According to Jay Grimes who is the Owner-Operator Independent Drivers Association Director of Federal Affairs, there are certain aspects of the bill that the President may have proposed as a starting point for negotiation moving forwards. “I don’t think Congress is going to bite on doing a 10-year bill for $810 billion,” Grimes said. “I think the goal is trying to get a five-year new highway bill, which would match the FAST Act length. That’s probably going to be more realistic. The 10-year is a little pie-in-the-sky, I think.”
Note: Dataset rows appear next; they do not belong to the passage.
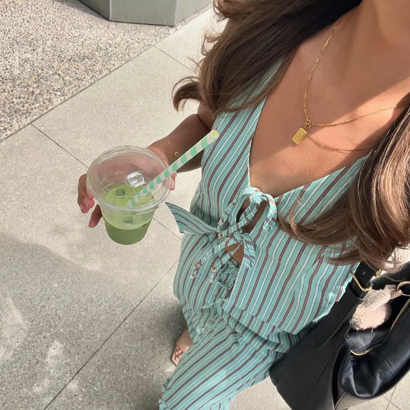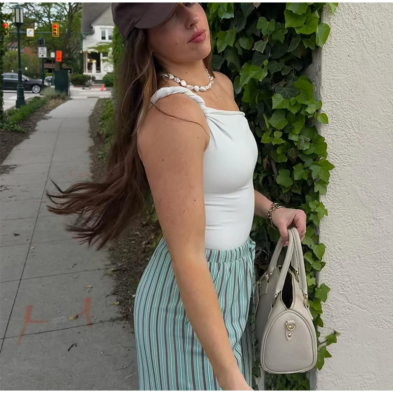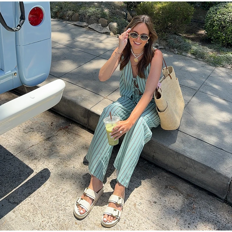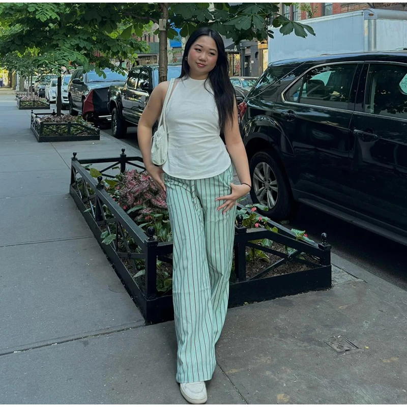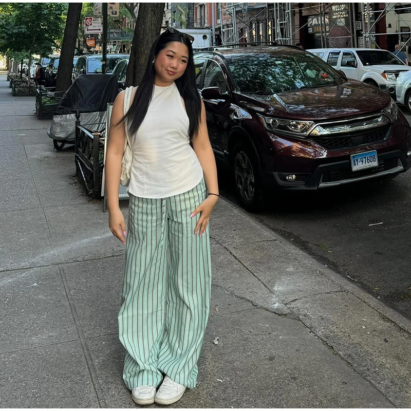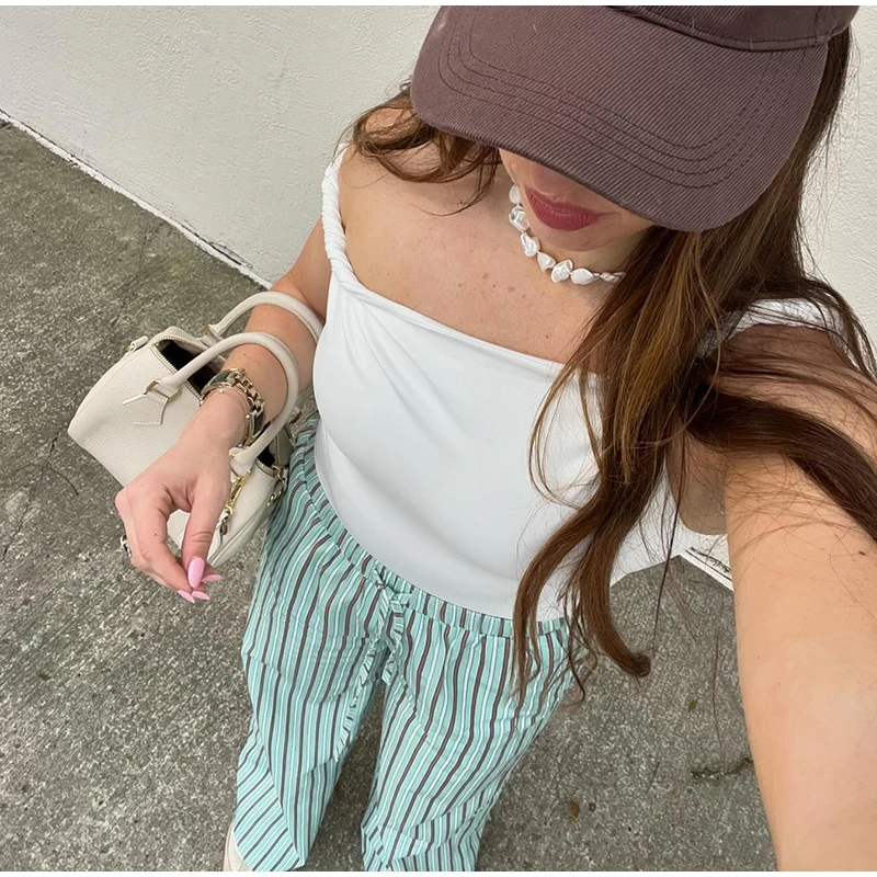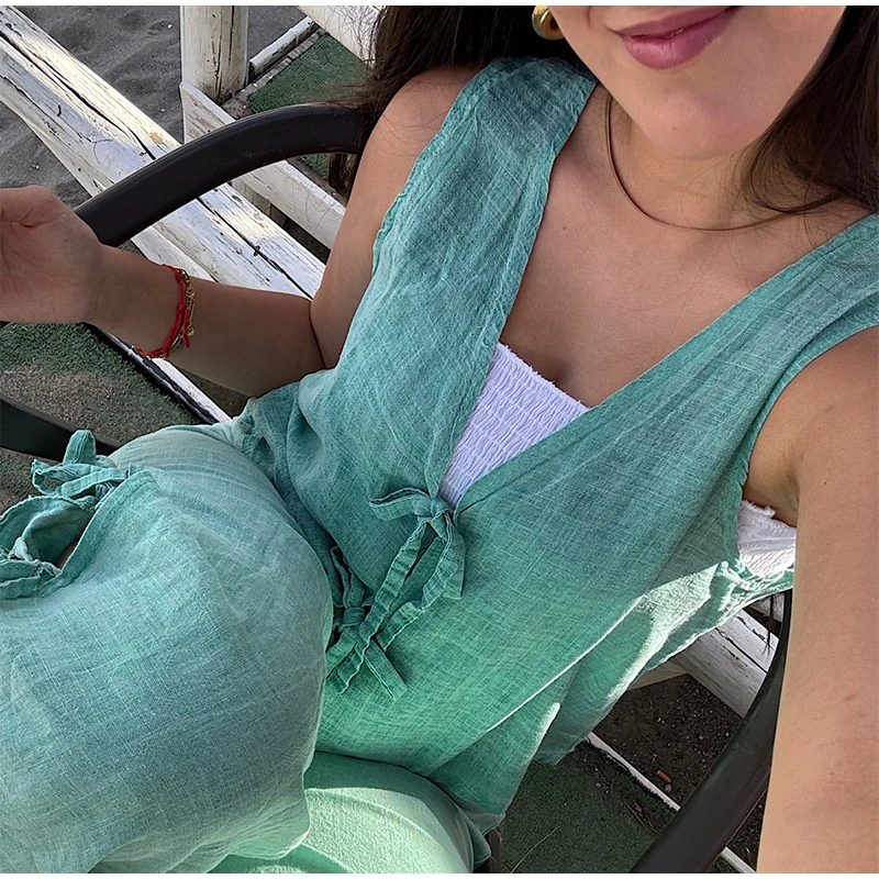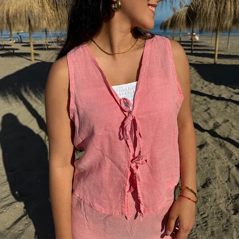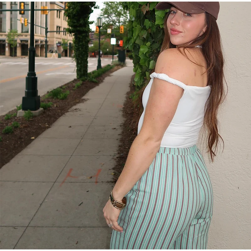 Numéro de modèle : Ensemble gilet et pantalon à rayures et lacets pour femme
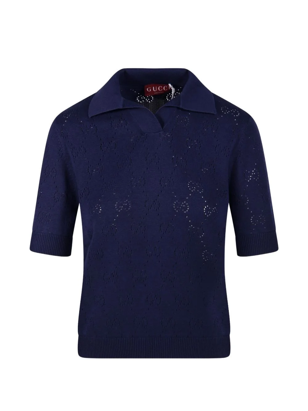 GG pointelle polo top Highlights - Blue - Polo collar - Ribbed hem - Ribbed cuffs - Short sleeves Made in Italy Composition Silk 55%, Cotton 45% Washing instructions Read Manufacturer Guidelines
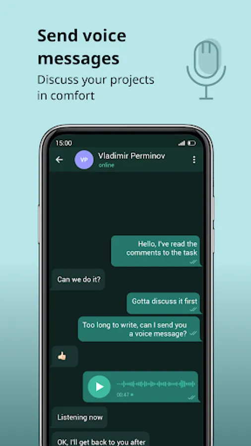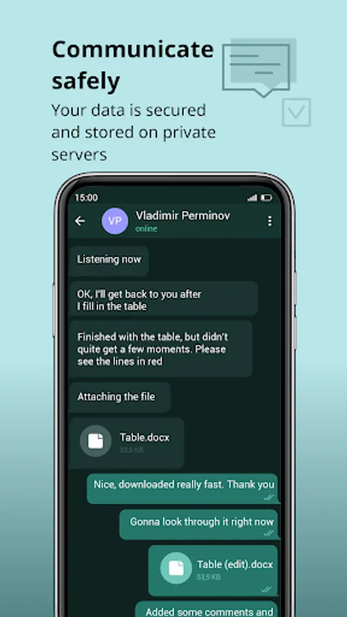 Your chats are protected: the messages you send are encrypted and stored on internal private servers. You can discuss any projects without being afraid of hacks and leaks.
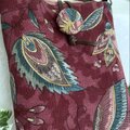 表の布は赤紫色の紬の花柄の着物(シルク100%)の生地を使用しています。
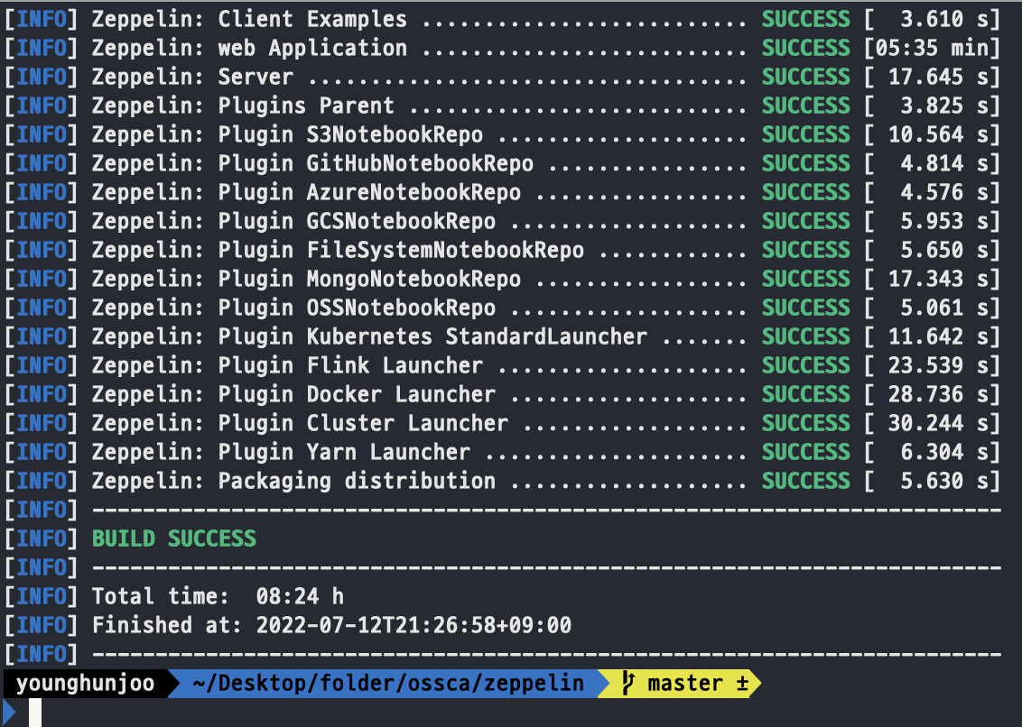 패키지를 다운로드 받았다면 Zeppelin을 소스레벨에서 빌드할 차례입니다.
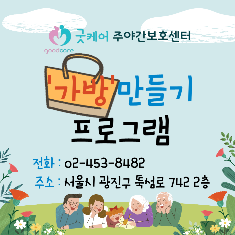 굿케어주야간보호센터에서 어르신들과 함께 가방만들기 프로그램을 진행하였습니다. https://blog.naver.com/goodcare2021/223894338954

$810 billion would be a significant increase to infrastructure funding compared to previous legislation, and it’s likely to be a significant talking point when it comes to the final budget that Congress agrees on. The $50 million for Moving America Safely and Efficiently Program is slightly more likely to be brought into the official budget as-is, being a smaller portion of overall spending. There’s no mention as to where funding for the infrastructure changes will come from and whether economic growth alone will easily support the increase in spending levels.

Trucking in 2021 Compared to 2020

There’s been a greater level of national attention to the trucking industry, and that’s set to continue through 2020. Starting in September of 2019, a proportion of truckers became newly eligible for overtime pay, which is especially helpful for owner-operators at the bottom of the pay scale. The President’s pro-infrastructure budget comes at a time when he’s receiving backlash for disallowing the Department of Homeland Security from enrolling or re-enrolling New York residents in Global Entry, which impacts the truckers in the state who carried low-risk shipments across the Canadian and Mexican borders. This issue is still ongoing, and New York intends to sue the DHS over the policy. Trump issued an executive order on February 12 that calls for the protection of GPS services, which presents primarily as a security-based solution, but will again promote spending in the trucking industry. There were GPS disruptions in maritime shipping in the Mediterranean last year, which has prompted concern over such disruptions taking place on domestic soil— something that could cost billions according to a study by the Department of Commerce.

Overall, the budget proposal indicates a greater level of care for truck drivers in America, with more straightforward benefits than the policies that are shaping 2020. With the worries regarding California’s gig economy bill AB 5 finally diminishing in result of a judge’s ruling, and the DoT having overturned trucker-specific work regulations, it seems like truckers might finally get a break when it comes to adjusting to new regulations.

How Does New Infrastructure Affect Truck Drivers?

Semi-Truck driving is a growing industry according to the National Bureau of Labor Statistics, and there are billions of dollars invested in trucking logistics every year, meaning that there’s a lot of money to be made in terms of getting trucks to their destination as efficiently as possible. Infrastructure improvements can result in a reduction of traffic and hazard-based braking, which increases time efficiency and lowers the fuel cost for fixed-distance trips. Much of the Trump administration’s efforts have been devoted to shaping trade in America, with the hopes of increasing interstate trading. This will continually affect the traffic distribution of semi-trailer trucks across America, which means that certain infrastructure bottlenecks may become more noticeable as trade routes continue to be affected.

Truck parking is a relatively inexpensive infrastructure upgrade, and $50 million could go a long way in terms of increasing frequency of truck stops on an owner-operator’s route. This obviously contributes to an increased level of comfort and convenience for truck drivers across America, and freight companies might see the infrastructure changes as a green-light to expand. In general, the freight industry appears to be moving at an upswing, and there aren’t many indicators that the livelihoods of owner-operators won’t increase through 2021.